## AIM OF THE EXERCISE
Using the listing below, set down exactly the lines from the one that contains "В комбинированной плите" through the one that contains "日頃、班長さんがきちんと班員", with no pictures.

## EXERCISE DATA

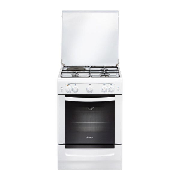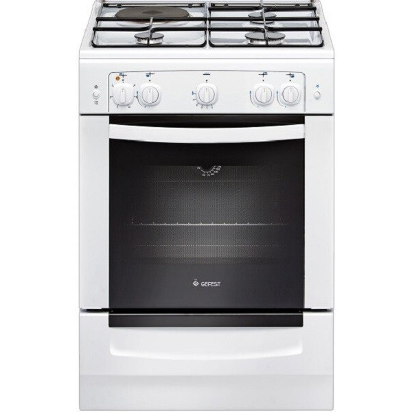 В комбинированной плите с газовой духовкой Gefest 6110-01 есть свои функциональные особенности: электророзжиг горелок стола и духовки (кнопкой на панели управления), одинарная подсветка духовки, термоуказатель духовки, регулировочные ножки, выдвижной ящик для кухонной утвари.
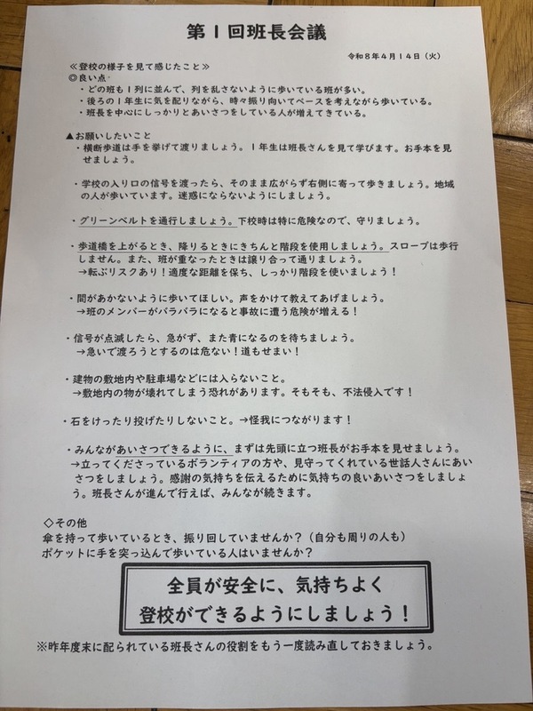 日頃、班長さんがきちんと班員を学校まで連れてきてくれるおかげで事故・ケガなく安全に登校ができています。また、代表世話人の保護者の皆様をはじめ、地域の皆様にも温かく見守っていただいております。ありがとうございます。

==

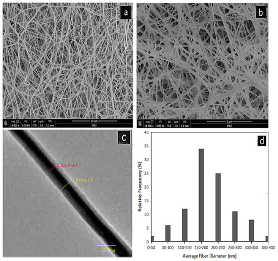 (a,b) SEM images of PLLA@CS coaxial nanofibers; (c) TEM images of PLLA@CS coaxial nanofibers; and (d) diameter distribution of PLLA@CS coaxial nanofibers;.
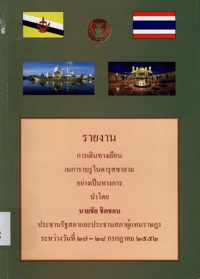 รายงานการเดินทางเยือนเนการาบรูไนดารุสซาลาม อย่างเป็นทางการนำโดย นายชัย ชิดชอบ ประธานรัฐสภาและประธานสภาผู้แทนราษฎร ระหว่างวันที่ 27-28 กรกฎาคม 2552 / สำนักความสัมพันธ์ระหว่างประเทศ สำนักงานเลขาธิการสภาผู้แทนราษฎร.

---

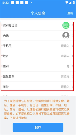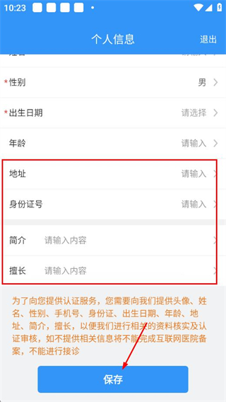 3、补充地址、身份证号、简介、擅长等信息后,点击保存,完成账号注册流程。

## OUTPUT FOR THIS TASK
 В комбинированной плите с газовой духовкой Gefest 6110-01 есть свои функциональные особенности: электророзжиг горелок стола и духовки (кнопкой на панели управления), одинарная подсветка духовки, термоуказатель духовки, регулировочные ножки, выдвижной ящик для кухонной утвари.
 日頃、班長さんがきちんと班員を学校まで連れてきてくれるおかげで事故・ケガなく安全に登校ができています。また、代表世話人の保護者の皆様をはじめ、地域の皆様にも温かく見守っていただいております。ありがとうございます。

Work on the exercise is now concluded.